First, you must download and recover the data set in our jupyter notebook. In order to be able to treat it afterwards, we must observe it in detail to clean it as well as possible. This involves abandoning columns with too many missing values, or those that have no utilities or values that are too redundant. The same goes for the lines. You should also pay attention to the column types when retrieving the dataset. This step is very important because it conditions the whole sequence. We can also map some columns so that it is easier to represent real understandable situations during visualization.

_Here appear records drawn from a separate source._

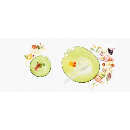 Von der Natur inspirierte, visuelle Frische auf den Tisch: Die SHADOW Schale erinnert an das riesengroße Blatt einer tropischen Dschungelpflanze. Ihr formales Thema ergänzt sich demnach wundervoll mit all den bunten Früchten, Salaten oder Gemüsen, die in ihr serviert werden. Die Aussparungen und Öffnungen am Rand nehmen die Stiele von Salatbestecken und Vorlegelöffeln auf – in der lebendigen Form der SHADOW Salatschale steckt also auch eine gesunde Portion Funktion!
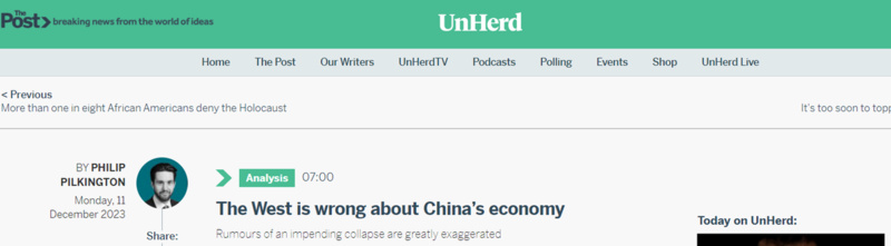 中国日报网12月12日电 近日,爱尔兰经济学家菲利普·皮尔金顿在英国新闻网站UnHerd刊文称,多项数据表明中国发展前景积极,一些西方媒体“唱空中国”的报道言过其实,甚至完全错误。
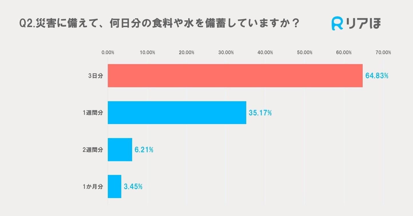 3日分の備蓄をしている人が64.83%と最も多く、1週間分の備蓄をしている人は35.17%でした。2週間分や1か月分の備蓄をしている人は少数派で、それぞれ6.21%と3.45%でした。
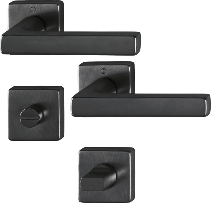 Mosiężny zestaw klamek z rozetami na klucz do drzwi wewnętrznych - testowany zgodnie z DIN EN 1906: 37-0140A (kategoria użytkowania 3) - łożyskowanie: klamki luźne - sprężyny powrotne mogą być używane prawo/lewo - bezobsługowe łożyska ślizgowe - połączenie: szybki trzpień HOPPE z pełnym trzpieniem HOPPE (część perforowana/otworowa) - konstrukcja nośna: tworzywo sztuczne, krzywki nośne - mocowanie: ukryte, ciągłe, naprzemienne, śruby uniwersalne
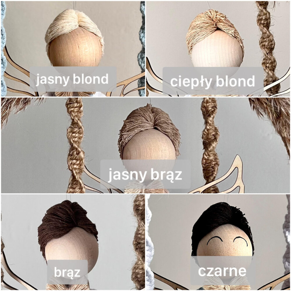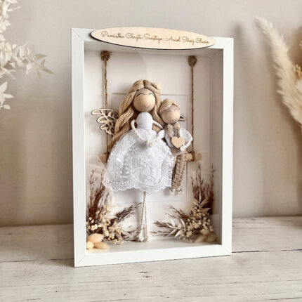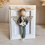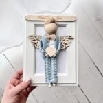 Każdego aniołka tworzę ręcznie, z pełnym zaangażowaniem i dbałością o detale. Używam naturalnego sznurka bawełnianego oraz drewnianych elementów, dzięki czemu dekoracja jest nie tylko estetyczna, ale też trwała i ekologiczna. Aniołek siedzi w ramce, a w jego dłoniach znajduje się drewniane serduszko z grawerem lub hostia – wybór należy do Ciebie. Co więcej, mogę umieścić personalizowaną tabliczkę z życzeniami, dedykacją lub modlitwą z tyłu ramki. Dzięki specjalnemu utrwaleniu sznurka, włosy i ubranko aniołka zachowują swój kształt, co nadaje całości estetyczny i schludny wygląd na długie lata.
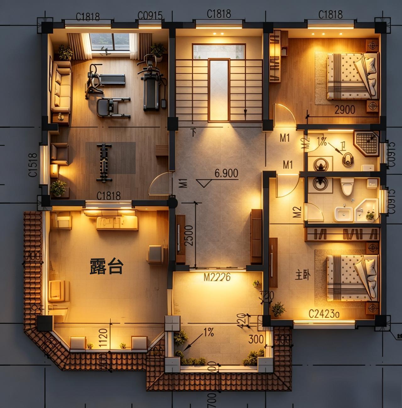 这次终于做了一套比较正常的户型,业主夫妇和两个小孩四口人居住。套内117平,四房
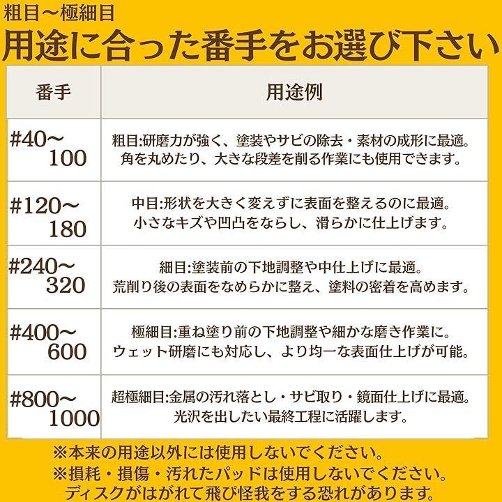 「13種類の番手」 ・粗目(#40~#100):塗装剥がし・荒削り・サビ取り ・中目(#120~#180):下地調整・中仕上げ ・細目(#240~#320):塗装面の仕上げ・ツヤ出し ・極細目(#400~#600):細かな研磨・ウェット研磨 ・超極細目(#800~#1000):金属の艶出し・最終仕上げ *選択した番手のみが入っています。

The next step is a first analysis of the data and the different characteristics of the dataset. We are going to do visualization to try to find links, behaviors between variables to better understand the hidden meanings behind the data. The graphs make these visual results easier to understand and communicate. All graphics are visible in the jupyter notebook. Adding a correlation matrix is of great interest to glimpse the variables that may or may not be correlated.
The aim of this section is to use the diabetes dataset to train some Machine Learning models using the diabete dataset in order to predict the readmission of a patient.
After preparing a machine learning oriented dataset from the original dataset, we decided to distinguish two cases according to the data:
- Case 1: Predict patient’s readmission under 30 days
- Case 2: Predict patient’s readmission under and above 30 days
In this study, we try to predict a qualitative binary variable. We also have a fairly large set of data, which leads us to use some models more than others.
We therefore tested and implemented the following models to compare their prediction performance :
- K-Nearest Neighbors (KNN)
- Logistic Regression
- Linear SVC
- Random Forest
- Adaptive Boosting
- Decision Tree
- Extra Trees
- Naïve Bayes Classifier
All the results and performance of each model are available in the jupyter notebook.
With the help of the libraries, we can search for the best possible parameters for the different models and therefore try to improve the performance of each one. This was established in this phase. All the results obtained for the different models are also available in the jupyter notebook.
To make the project a little more visual and accessible, we created a streamlit project that we linked to our python code to create an API. It presents different tabs with the description of the dataset, the notebook, our results in machine learning and an interactive parts.
After observing the results, the following conclusions can be drawn.
- For case number 1, we can see that the predictions are made with a rather high score but we must qualify this result because the problem is unbalanced. You can't really rely on those results.
- For case number 2, the prediction performance is lower, less accurate, but this result is closer to reality.
- We can conclude from this that this dataset is rather little correlated, that the variables seems to have relations between them but without having very large and significant ones.
- It is therefore difficult to predict whether or not a patient will be readmitted to hospital with the features available in this dataset. We can put out an idea but it will not be very reliable on the subject.